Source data
__________________________________________________

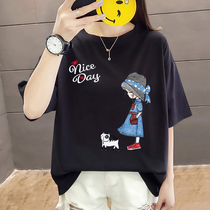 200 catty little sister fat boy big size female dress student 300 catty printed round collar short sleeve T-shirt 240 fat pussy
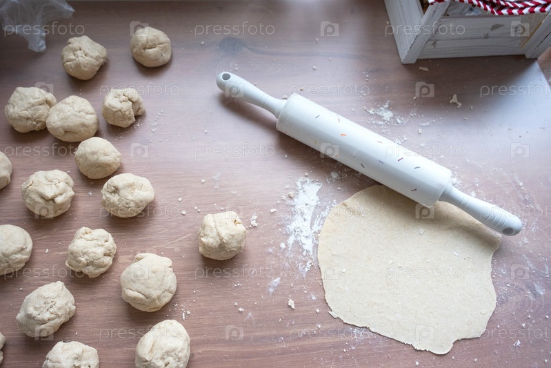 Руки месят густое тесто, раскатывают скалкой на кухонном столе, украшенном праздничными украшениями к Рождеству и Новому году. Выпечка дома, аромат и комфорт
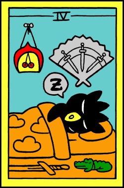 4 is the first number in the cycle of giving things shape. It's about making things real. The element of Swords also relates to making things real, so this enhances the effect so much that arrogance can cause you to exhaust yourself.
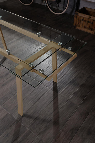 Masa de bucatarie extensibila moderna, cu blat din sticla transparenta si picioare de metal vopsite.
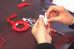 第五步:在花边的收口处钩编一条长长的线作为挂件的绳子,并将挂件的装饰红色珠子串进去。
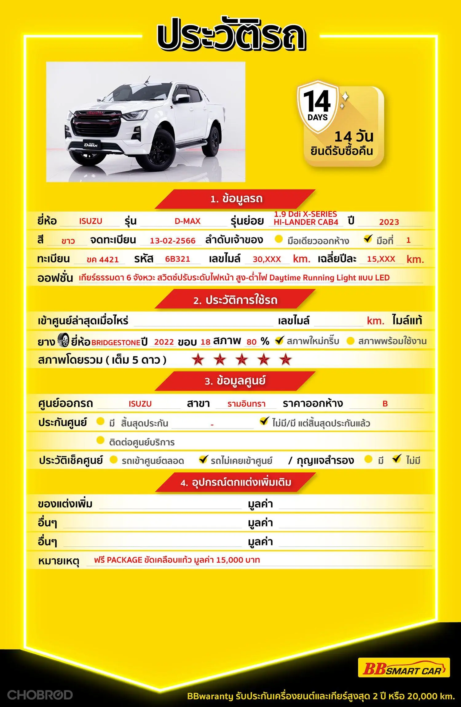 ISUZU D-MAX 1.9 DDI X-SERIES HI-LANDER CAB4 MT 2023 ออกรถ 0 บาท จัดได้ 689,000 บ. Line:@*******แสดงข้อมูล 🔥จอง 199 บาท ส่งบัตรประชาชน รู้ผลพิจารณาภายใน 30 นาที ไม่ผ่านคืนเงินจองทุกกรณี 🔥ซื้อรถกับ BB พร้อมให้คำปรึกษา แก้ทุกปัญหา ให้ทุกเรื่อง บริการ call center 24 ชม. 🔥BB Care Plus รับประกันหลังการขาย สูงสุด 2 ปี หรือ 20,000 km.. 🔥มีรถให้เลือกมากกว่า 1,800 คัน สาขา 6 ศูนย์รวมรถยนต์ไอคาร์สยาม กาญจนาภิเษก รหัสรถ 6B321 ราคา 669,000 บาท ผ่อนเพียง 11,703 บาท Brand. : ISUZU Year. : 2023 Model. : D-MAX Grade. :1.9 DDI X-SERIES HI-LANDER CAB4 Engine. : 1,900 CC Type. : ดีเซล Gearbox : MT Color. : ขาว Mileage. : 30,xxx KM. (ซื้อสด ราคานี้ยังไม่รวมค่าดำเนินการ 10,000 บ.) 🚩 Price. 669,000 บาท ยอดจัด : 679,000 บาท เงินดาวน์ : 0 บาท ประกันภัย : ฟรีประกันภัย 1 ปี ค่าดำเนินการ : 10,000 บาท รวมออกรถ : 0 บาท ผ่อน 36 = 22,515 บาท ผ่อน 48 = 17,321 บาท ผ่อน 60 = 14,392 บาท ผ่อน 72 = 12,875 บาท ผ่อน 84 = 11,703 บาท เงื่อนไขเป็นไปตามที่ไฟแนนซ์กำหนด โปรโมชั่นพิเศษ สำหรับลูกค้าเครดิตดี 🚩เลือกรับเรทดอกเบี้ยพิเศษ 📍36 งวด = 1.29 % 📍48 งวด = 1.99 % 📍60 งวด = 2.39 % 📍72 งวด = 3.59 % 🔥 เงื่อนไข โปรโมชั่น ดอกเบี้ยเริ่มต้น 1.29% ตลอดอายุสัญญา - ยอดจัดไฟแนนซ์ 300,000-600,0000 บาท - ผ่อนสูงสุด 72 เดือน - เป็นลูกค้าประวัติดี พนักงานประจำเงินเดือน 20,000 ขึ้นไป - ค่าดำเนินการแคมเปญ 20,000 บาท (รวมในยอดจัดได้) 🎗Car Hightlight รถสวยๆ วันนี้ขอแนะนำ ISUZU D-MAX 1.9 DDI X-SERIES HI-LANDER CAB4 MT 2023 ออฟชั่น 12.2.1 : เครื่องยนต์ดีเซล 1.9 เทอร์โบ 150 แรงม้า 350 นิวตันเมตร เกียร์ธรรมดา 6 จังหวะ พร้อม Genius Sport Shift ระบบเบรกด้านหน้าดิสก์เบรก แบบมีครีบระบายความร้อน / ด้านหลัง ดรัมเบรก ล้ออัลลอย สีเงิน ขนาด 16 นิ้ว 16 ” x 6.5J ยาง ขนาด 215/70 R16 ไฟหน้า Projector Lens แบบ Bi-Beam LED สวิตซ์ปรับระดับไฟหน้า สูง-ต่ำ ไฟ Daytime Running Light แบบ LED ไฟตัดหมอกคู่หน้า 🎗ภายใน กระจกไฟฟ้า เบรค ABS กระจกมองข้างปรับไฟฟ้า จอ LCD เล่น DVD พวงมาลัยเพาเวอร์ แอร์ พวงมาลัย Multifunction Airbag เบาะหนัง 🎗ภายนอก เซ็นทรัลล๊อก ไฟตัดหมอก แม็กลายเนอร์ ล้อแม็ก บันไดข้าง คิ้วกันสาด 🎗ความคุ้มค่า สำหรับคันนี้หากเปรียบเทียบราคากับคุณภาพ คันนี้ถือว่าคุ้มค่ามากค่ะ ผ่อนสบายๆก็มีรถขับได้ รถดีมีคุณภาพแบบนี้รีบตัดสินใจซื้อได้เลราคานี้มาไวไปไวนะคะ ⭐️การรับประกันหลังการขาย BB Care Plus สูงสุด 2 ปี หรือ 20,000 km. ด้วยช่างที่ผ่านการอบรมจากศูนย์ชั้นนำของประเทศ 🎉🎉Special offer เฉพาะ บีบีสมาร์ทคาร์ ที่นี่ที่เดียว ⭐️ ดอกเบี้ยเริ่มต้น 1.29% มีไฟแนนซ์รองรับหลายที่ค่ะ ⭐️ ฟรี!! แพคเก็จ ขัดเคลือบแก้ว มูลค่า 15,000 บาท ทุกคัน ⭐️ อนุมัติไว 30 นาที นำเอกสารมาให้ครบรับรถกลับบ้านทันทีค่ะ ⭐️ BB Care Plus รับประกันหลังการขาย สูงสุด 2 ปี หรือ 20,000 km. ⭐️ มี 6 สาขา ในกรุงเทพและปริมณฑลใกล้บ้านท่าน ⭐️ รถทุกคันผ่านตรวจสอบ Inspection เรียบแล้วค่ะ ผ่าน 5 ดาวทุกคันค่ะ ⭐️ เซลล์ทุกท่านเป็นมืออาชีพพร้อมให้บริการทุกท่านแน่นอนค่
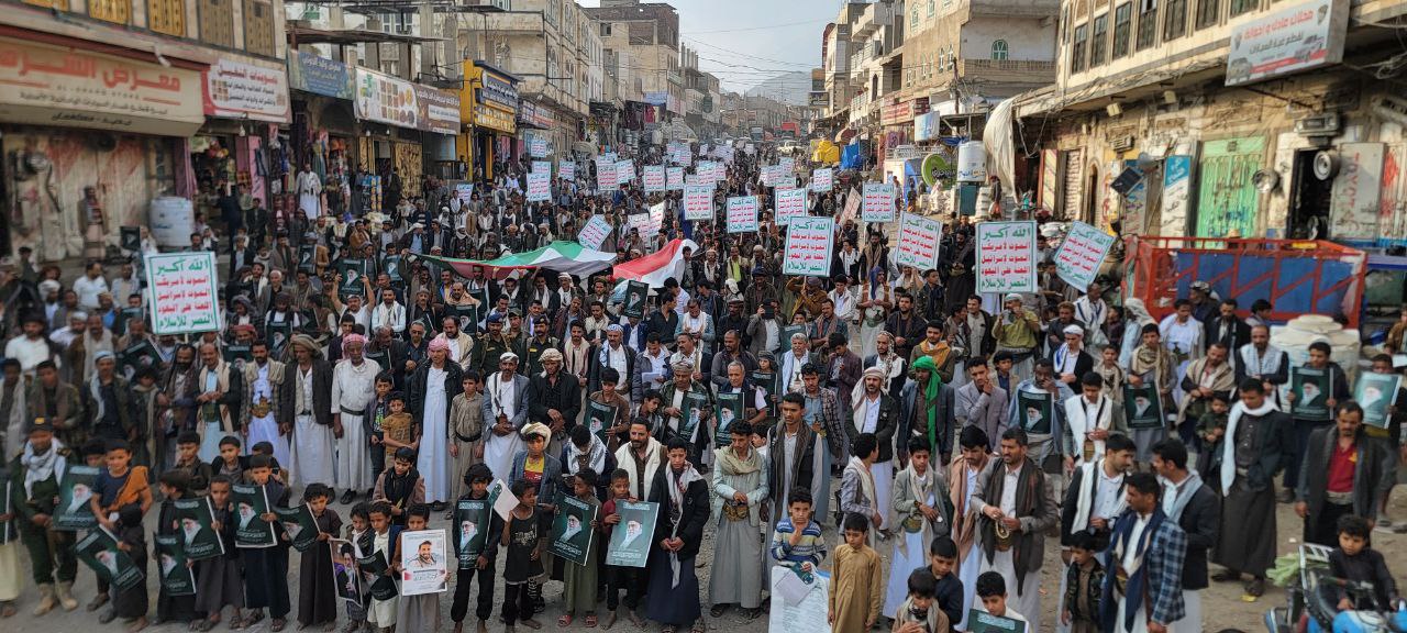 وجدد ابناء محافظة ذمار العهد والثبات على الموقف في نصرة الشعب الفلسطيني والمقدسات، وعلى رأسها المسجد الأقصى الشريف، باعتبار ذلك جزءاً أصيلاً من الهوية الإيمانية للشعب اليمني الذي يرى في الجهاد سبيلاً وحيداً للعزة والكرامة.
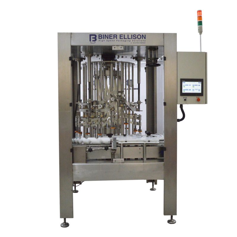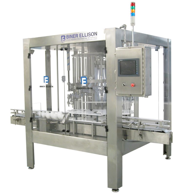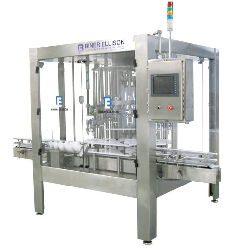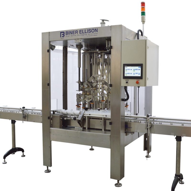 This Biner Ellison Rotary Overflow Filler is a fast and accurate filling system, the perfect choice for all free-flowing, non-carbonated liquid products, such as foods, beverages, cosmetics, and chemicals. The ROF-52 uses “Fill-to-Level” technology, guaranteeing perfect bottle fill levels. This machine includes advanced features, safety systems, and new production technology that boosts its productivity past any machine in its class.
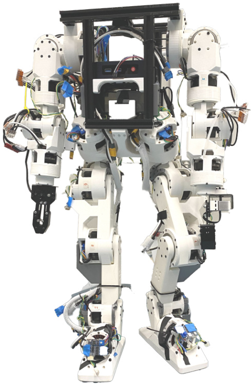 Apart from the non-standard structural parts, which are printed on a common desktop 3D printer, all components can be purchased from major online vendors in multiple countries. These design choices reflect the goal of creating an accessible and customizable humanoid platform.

__________________________________________________

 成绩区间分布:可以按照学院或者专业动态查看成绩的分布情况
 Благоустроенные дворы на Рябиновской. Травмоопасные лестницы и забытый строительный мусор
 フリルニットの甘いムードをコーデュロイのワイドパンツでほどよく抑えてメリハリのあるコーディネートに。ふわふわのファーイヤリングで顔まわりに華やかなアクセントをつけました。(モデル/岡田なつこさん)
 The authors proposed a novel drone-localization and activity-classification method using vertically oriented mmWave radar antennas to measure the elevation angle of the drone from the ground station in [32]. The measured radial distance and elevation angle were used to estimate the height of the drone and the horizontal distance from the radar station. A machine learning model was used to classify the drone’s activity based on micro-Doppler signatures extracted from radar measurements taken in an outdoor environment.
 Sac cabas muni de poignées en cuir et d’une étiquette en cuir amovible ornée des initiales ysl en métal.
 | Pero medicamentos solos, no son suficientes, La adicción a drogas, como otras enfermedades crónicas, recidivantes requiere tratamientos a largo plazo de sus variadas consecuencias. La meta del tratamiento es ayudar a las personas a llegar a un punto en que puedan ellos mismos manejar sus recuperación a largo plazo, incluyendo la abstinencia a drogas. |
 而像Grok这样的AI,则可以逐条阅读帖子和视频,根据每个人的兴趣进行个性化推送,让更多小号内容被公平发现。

__________________________________________________

_Exercise description_
All that is wanted is a faithful reproduction of the line above with "a drogas. |", the line with "而像Grok这样的AI,则可", and every line in between.

_Exercise output_
 | Pero medicamentos solos, no son suficientes, La adicción a drogas, como otras enfermedades crónicas, recidivantes requiere tratamientos a largo plazo de sus variadas consecuencias. La meta del tratamiento es ayudar a las personas a llegar a un punto en que puedan ellos mismos manejar sus recuperación a largo plazo, incluyendo la abstinencia a drogas. |
 而像Grok这样的AI,则可以逐条阅读帖子和视频,根据每个人的兴趣进行个性化推送,让更多小号内容被公平发现。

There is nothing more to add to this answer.